One of the key factors of any commoditised marketplace is that good value will sell faster. This has been grasped with both hands by the consumer, sometimes to the detriment of insurers, says Keith Hector, commercial distribution director at Axa Insurance. "Insurers must concentrate on their pricing models, which need to be far more dynamic than ever before and capitalise on the hour-by-hour, minute-by-minute nature of aggregation.
"Products are available from an insurer that may have a relationship with 10 brokers, each of which has a panel that is then put through an aggregator. What is effectively one product can often turn out in five or six different forms through as many different aggregator panels. The insurer may have deals with the broker for special rates, some of them may be charging net, some may charge a little commission and this will affect the price.

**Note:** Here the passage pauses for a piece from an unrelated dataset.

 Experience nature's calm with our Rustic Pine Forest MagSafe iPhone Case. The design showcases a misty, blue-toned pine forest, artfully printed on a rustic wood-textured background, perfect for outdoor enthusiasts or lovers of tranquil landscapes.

Therefore, that insurer has a challenge to provide pricing models that are sophisticated enough and they need to know when to play the best price. It's been well-documented that most insurers are losing money on private motor where the majority of business is being sourced through aggregators."

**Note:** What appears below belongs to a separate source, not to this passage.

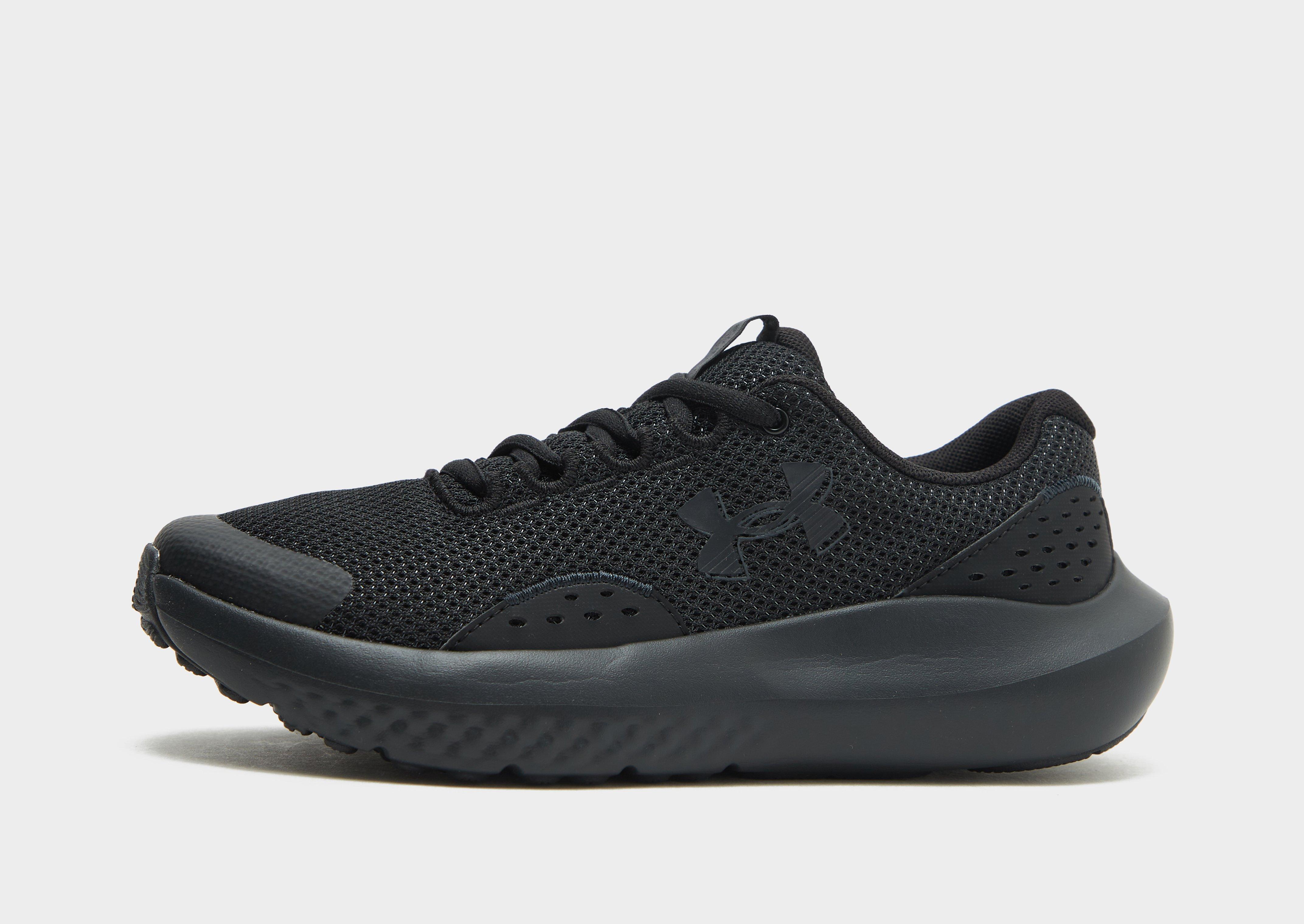 Lace up and go in these juniors' Surge 4 trainers from Under Armour. In a Black colourway, these runners have a breathable mesh upper with synthetic overlays for durable wear. They feature a tonal lace fastening with soft padding around the ankle collar for a locked-in fit, and a full-length EVA sockliner for plush comfort. With enhanced cushioning underfoot for a smooth, responsive ride, they have a tough rubber outsole for grippy traction. Finished with signature Under Armour branding throughout.

This topic quickly sparks the interest of individuals wearing an IT hat. Julian James, managing director of business development at systems provider Duck Creek, also marks the pitfalls. "One of our clients receives in excess of 10 000 quotes per day and must respond to market and pricing position, sometimes on an hourly basis. To carry out a rate change or a rule change and promote it into an insurer's production system in that type of timeframe is a real challenge — there are still many examples of this process taking 40 working days before it hits a policy administration system. In the aggregator world, that will not work — it's more dynamic, more aggressive and insurers have to be agile and react quickly."

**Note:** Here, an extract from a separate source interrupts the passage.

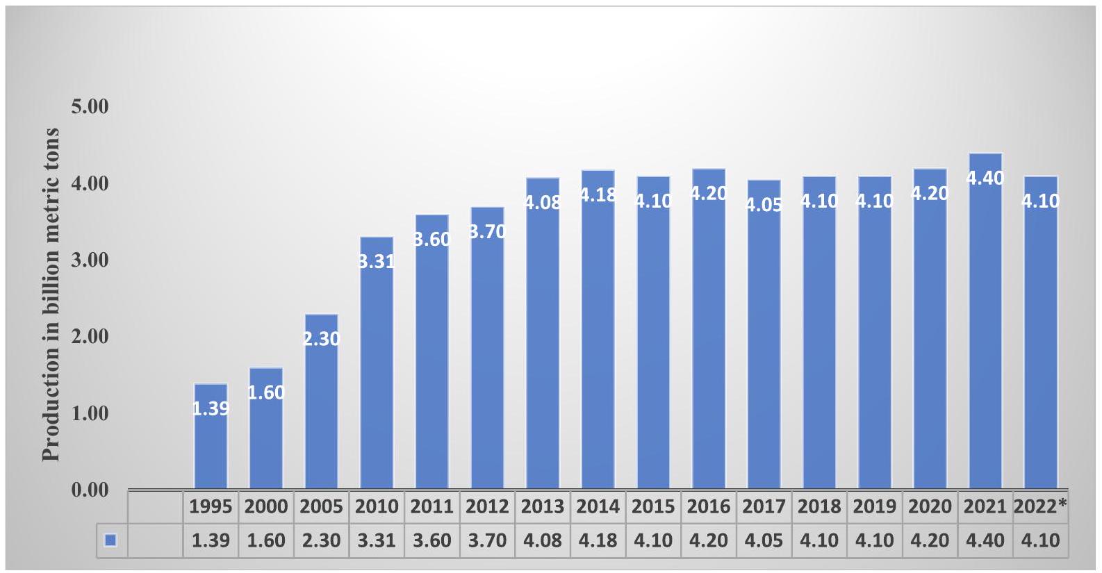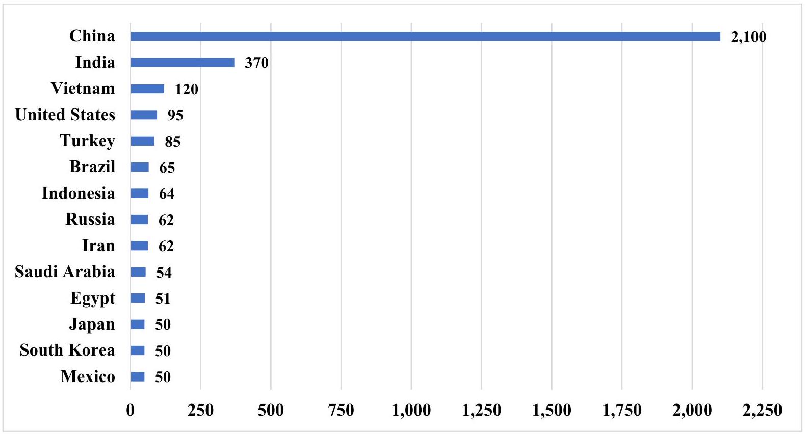 enormous 2.1 billion Mt. in 2022, which surpasses any other country by a significant margin. China produced more than 50% of total global cement production in 2022. India, the second-largest cement producer worldwide, fell far behind with a production volume of 370 million Mt. Vietnam was third on the worldwide list, producing 120 million Mt. of cement the same year. In 2022, the USA produced approximately 95 Mt . of cement and came fourth among the top cement-producing countries worldwide. Cement production consumes a substantial amount of energy and produces a significant amount of carbon dioxide

Mr Vincent concurs. "Real-time pricing is the only means of working in aggregation. You can get 150 000-plus quote opportunities in motor and there was no business model prior to aggregation that could produce anything like that volume. Aggregation will find loopholes and shortcomings in underwriting and, if you are underpriced, you are going to sell a shedload before you can even think about plugging the gap."
Depending on who you talk to, commercial lines are becoming more commoditised and at the same time standardised. The wish of distributors is for greater standardisation so that comparison becomes easier still and collaborations like Imarket have pointed the industry down this path. However, internet consumers are a discerning bunch and find being led towards an inappropriate site following a specific search request very frustrating. The aggregators themselves will not invest heavily in advertising until they perceive a margin can promptly return that spend. A quick equation should do the trick; if a market leader like Compare the Market manages 100% convervsion from its expected visitors in 2010 with a £50 CPA charge on every policy, gross revenue could hit £25m. How much investment in advertising and infrastructure will be needed to hit this target is the greatest secret of them all.